Les six hommes (dont un délégué du personnel), issus des secteurs de la maintenance et du fret, auraient été identifiés grâce à des caméras de vidéosurveillance et risquent des poursuites pénales. Une dizaine de plaintes ont été déposées à leur encontre par la direction, ainsi que deux vigiles (l’un d’eux a fait un malaise de quelques minutes au moment des incidents). Ces salariés sont également menacés, selon nos informations, de licenciements secs par Air France. Très vite, ils risquent de perdre aussi leur badge aéroportuaire – sésame pour l’accès aux avions –, délivré sous l’autorité de la préfecture.

D’autres salariés, participants ou témoins, vont également être entendus par la police et attendent leur lettre de convocation. Un certain nombre est également sous le coup de sanctions disciplinaires de la part du groupe Air France, pouvant aller jusqu’au licenciement. Selon Didier Fauverte, secrétaire général de la CGT chez Air France, cité par Reuters, quatre ou cinq salariés seraient même menacés d’une mise à pied ou de retenue sur salaire pour avoir simplement chanté «sans chemise, sans pantalon» le jour des incidents. Confortée par une classe politique et syndicale, la machine judiciaire va vite, et fort. Air France, de son côté, joue très habilement la partition de l’offensé. Les échauffourées du 5 octobre lui permettent d’enfoncer un peu plus le mouvement social au sein de la compagnie, et de justifier sa stratégie.

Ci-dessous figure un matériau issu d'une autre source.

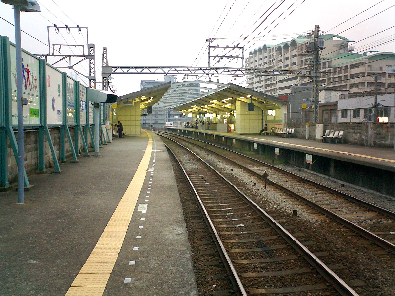 상대식 승강장 2면 2선의 고가역이다.[1] 승강장은 19m 차량 6량 편성에 대응한다. 개찰구는 지상에 있으며 동서쪽에 각각 1곳씩 있고,[1] 서쪽 개찰구에만 역무원이 배치되어 있다. 승강장은 2층에 있으며, 계단 또는 엘리베이터로 갈 수 있다.스룻토 KANSAI가 발행하는 PiTaPa와 그 제휴 카드를 사용할 수 있다. 배리어 프리 공사가 실시되어 각 승강장과 개찰층을 잇는 엘리베이터, 고베 누구나 화장실(다기능 화장실)이 설치되어 있다.

Ainsi, vendredi dernier, de nombreux clients d’Air France ont reçu ce mail: «Ce que nous avons tous vu, ce n’est pas Air France. Soyez-en convaincus, ces violences ont été le fait d’individus isolés et ne reflètent ni la réalité ni l’ambition de votre compagnie. (…) Dans un monde extrêmement concurrentiel, Air France doit prendre des mesures courageuses afin d’assurer son avenir dans le peloton de tête des compagnies aériennes à vocation mondiale.» Une communication de crise qui passe assez mal auprès des salarié·e·s, dont beaucoup opposent aux chemises arrachées la violence des licenciements à venir: «Il faut que dans l’esprit de tous les travailleurs, on martèle qu’il est désormais interdit en France d’avoir une réaction, même si elle est viscérale, incontrôlée, incontrôlable face à la menace et la violence de la perte de son emploi», regrette la CGT.

Malgré cette ambiance électrique, un round de rencontres informelles a été ouvert la semaine dernière par la direction sur l’hypothèse d’un «plan C» avec chacune des organisations syndicales. La négociation reposerait toujours sur une hausse de la productivité, mais moyennant un plan de départs volontaires plutôt que les licenciements contraints annoncés fin septembre.

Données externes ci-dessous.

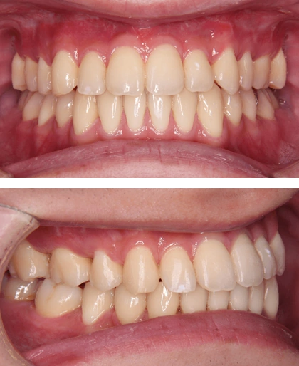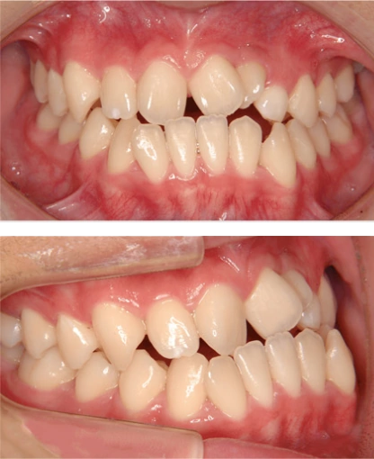 上顎4本の小臼歯を抜歯して、マルチブラケット装置を使用して歯並びを整えた後に下顎骨切り手術で咬み合わせと側貌を治した症例。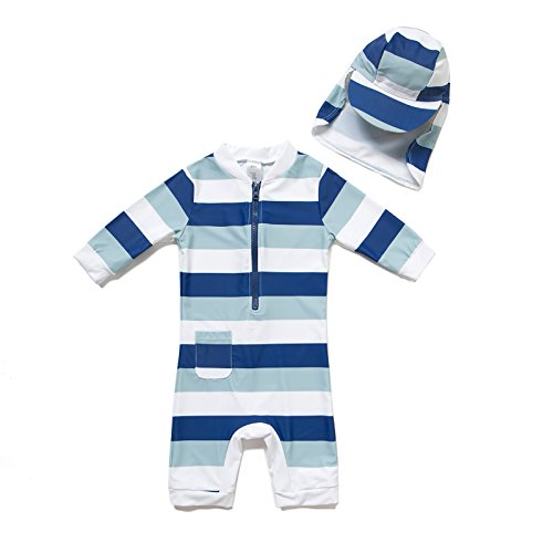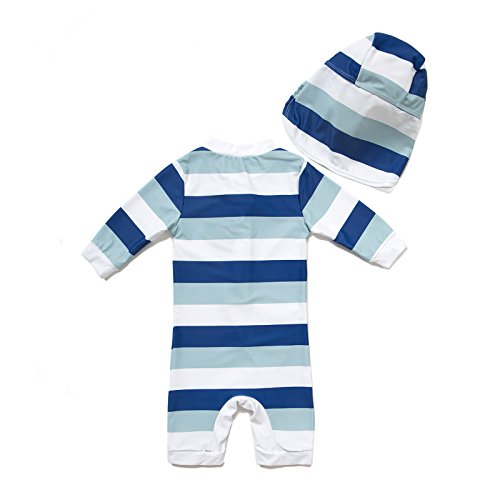 Bonverano(ボンワーラノ) ラッシュガード ベビー 男の子 長袖 ワンピース 紫外線対策 UVカット 水着 UPF50+ キャップ付き 二点セット スイムウェア ボーイ(24-36M)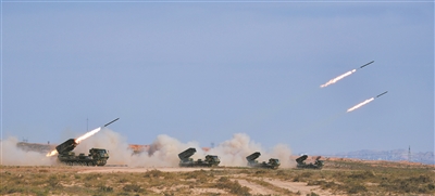 炮火封鎖、空中偵察……“敵”情接踵而至,紅方裝甲兵、炮兵、工兵等多兵種密切協(xié)同,迅速占領(lǐng)有利打擊陣位?!叭B射擊,101號(hào)目標(biāo)火力點(diǎn)……”紅方指揮員一聲令下,某自行火箭炮炮手快速校對(duì)標(biāo)尺、高低和方向,精準(zhǔn)鎖定“敵”目標(biāo)。炮聲響起,一枚枚火箭彈射向目標(biāo),一時(shí)間,戈壁深處烽煙四起。

dessinjiho500-b91c5Le SNPL (Syndicat national des pilotes de ligne) ainsi que le SPAF (Syndicat des pilotes d’Air France), les deux syndicats majoritaires chez les pilotes, auraient accepté de revoir leur copie, notamment sur la saisonnalité (le fait de voler davantage selon les périodes de vacances), sans plus de précisions. Egalement concernés, stewards et hôtesses estiment que le dernier accord signé avec Air France les engage jusqu’en 2016 et ne veulent pas se remettre à table avant. «On va quand même aller voir ce qu’ils proposent, mais on a déjà fait des efforts lors du dernier plan en réduisant le volume de personnel sur chaque vol long-courrier et en augmentant de 20 % notre productivité, assure Christophe Pillet, secrétaire général adjoint du SNPNC (Syndicat national du personnel navigant commercial). Pas question de toucher à notre rémunération.» Au sol, «on ne voit pas bien ce qu’on pourrait faire de plus, assure Mohammed El Fodi, délégué syndical FO. Nous avions convenu d’un effort de 20% lors du dernier plan, nous en sommes déjà à 23. Le personnel est dans le désarroi le plus total». La CGT ne veut «aucun licenciement».

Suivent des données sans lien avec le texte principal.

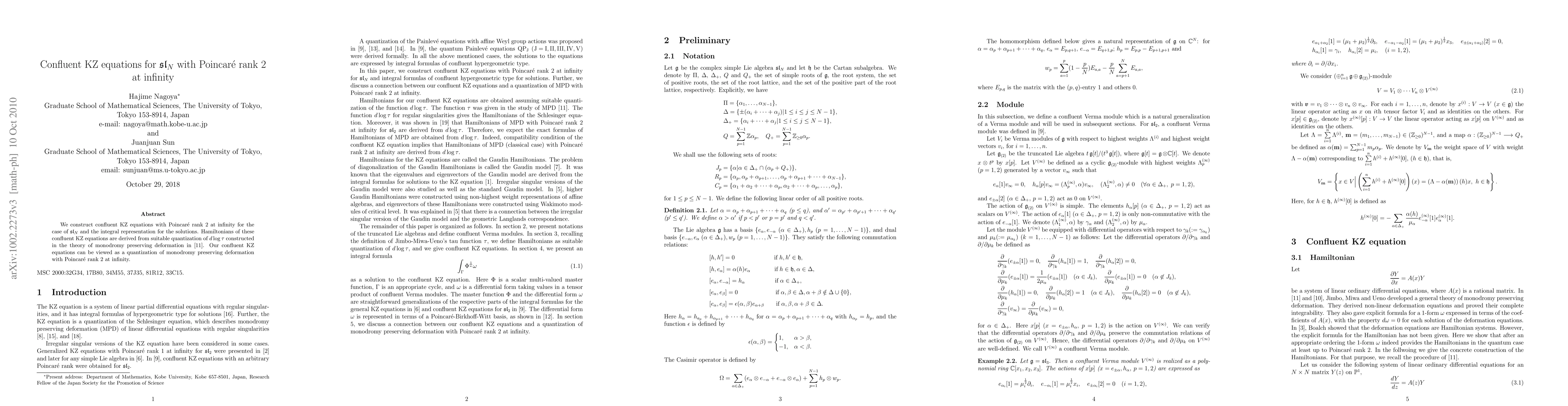 The paper presents the construction of confluent Knizhnik-Zamolodchikov (KZ) equations with Poincare rank 2 at infinity for sl_N, along with their integral representation solutions. These equations are quantized forms of monodromy preserving deformations with specified Poincare rank at infinity, derived from suitable quantization of dlog tau, as per Jimbo, Miwa, and Ueno's theory.

Chaque corporation ayant négocié son accord (hormis les personnels au sol qui sont couverts par une simple convention), la direction utilise toujours son arme favorite, la division, avec comme bouc émissaire principal les pilotes, présentés sans relâche comme des enfants gâtés de l’aérien. Un semblant d’unité semblait pourtant avoir émergé cette année, à la différence de la longue grève de l’an dernier. «Je crois que nous sommes désormais tous rassemblés dans la même défiance vis-à-vis de la direction, qui nous ment en permanence, argue Christophe Pillet, représentant des hôtesses et stewards. On a quand même, plan après plan, perdu 12’000 emplois. Pour quel résultat?»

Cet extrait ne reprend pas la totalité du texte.